Lundi dernier, la société immobilière Matexi avait obtenu une audience devant le juge de paix pour réclamer un avis d’expulsion dans le cadre de l’occupation du site de la Chartreuse où elle souhaite construire une petite cinquantaine de logements. Des défenseurs de la nature et certains riverains s’opposent au projet à un emplacement qu’ils décrivent comme l’un des derniers poumons verts de la ville. Le site, actuellement barricadé et occupé en permanence, est devenu une zone à défendre (ZAD).
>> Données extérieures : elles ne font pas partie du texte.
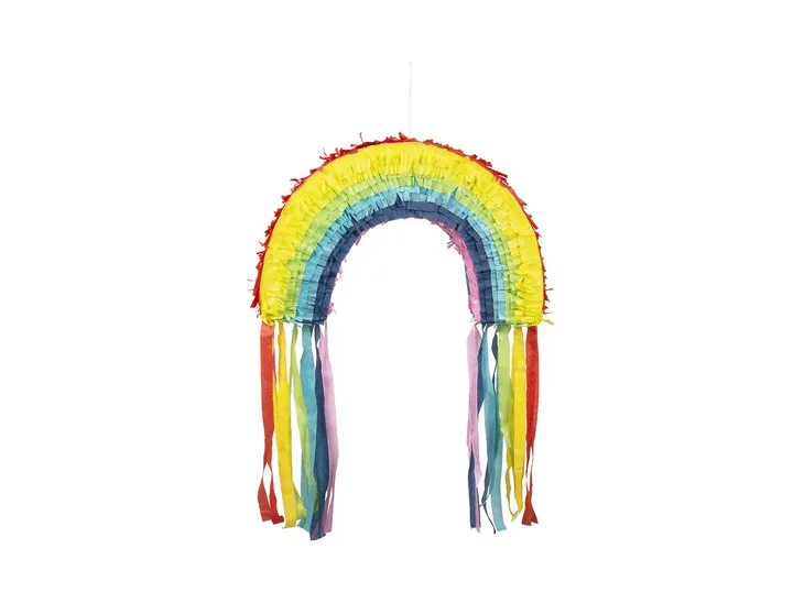 Piniata Tęcza M.Produkt polecany na Urodziny lub każdą inną okazję.Średnia Piniata w kształcie tęczy. Wymiary: 23 × 35 × 5 cm.Materiał: 100% papier.
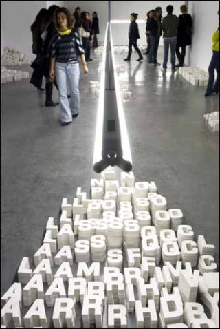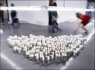 — 10 000 Letters, 2008. Lettres de plâtre produites en 10 000 exemplaires. Dimension lettre : 16 x 8 x 3 cm.

A la justice de paix, Matexi réclamait un avis d’expulsion des jeunes qui campent sur le site et, le jour même, sans attendre en réalité la décision officiellement prononcée hier, avait annoncé que le juge lui avait donné raison…tant elle était certaine d’avoir gain de cause sur le fond. Or le juge de paix du premier canton n’est finalement pas allé dans ce sens puisqu’il a au bout du compte déclaré la requête irrecevable.

Le jugement souligne que (même si un huissier de justice s’est rendu sur le site pour constater que l’endroit était occupé par des personnes peu enclines à donner leur identité) rien n’a été fait pour connaître l’identité des occupants et que l’entreprise ne s’est pas trouvée dans “l’absolue nécessité de recourir à une procédure unilatérale” contre des personnes anonymes. Il aurait fallu demander à la police de procéder au relevé des identités sur place et même, à la base, déposer une plainte officielle à la police… ce que Matexi n’a pas fait.

La décision, qui relève plutôt de la procédure, réjouit néanmoins tant le collectif d’habitants « Un Air de Chartreuse » que les occupants du site. “Elle nous conforte dans notre détermination à défendre et à protéger l’intégralité du site de la Chartreuse. (…) Comme l’a rappelé Pierre Wacquier, au nom du collectif Un Air de Chartreuse: le site de la Chartreuse remplit un rôle écologique, historique et social irremplaçable à Liège. C’est pourquoi nous continuons et continuerons inlassablement à réclamer des autorités locales qu’elles ouvrent rapidement une large négociation avec toutes les parties concernées dans ce dossier afin de trouver une solution alternative aux projets de construction sur ce site“, communique le collectif.

Matexi peut faire appel du jugement. Le bourgmestre a par ailleurs rappelé qu’il s’engageait à ne pas envoyer les forces de l’ordre expulser les occupants du terrain pour autant qu’aucun trouble sérieux à l’ordre public ne soit constaté. Il attend par ailleurs que les collectifs militants lui proposent des interlocuteurs “non contestés” pour discuter de la situation.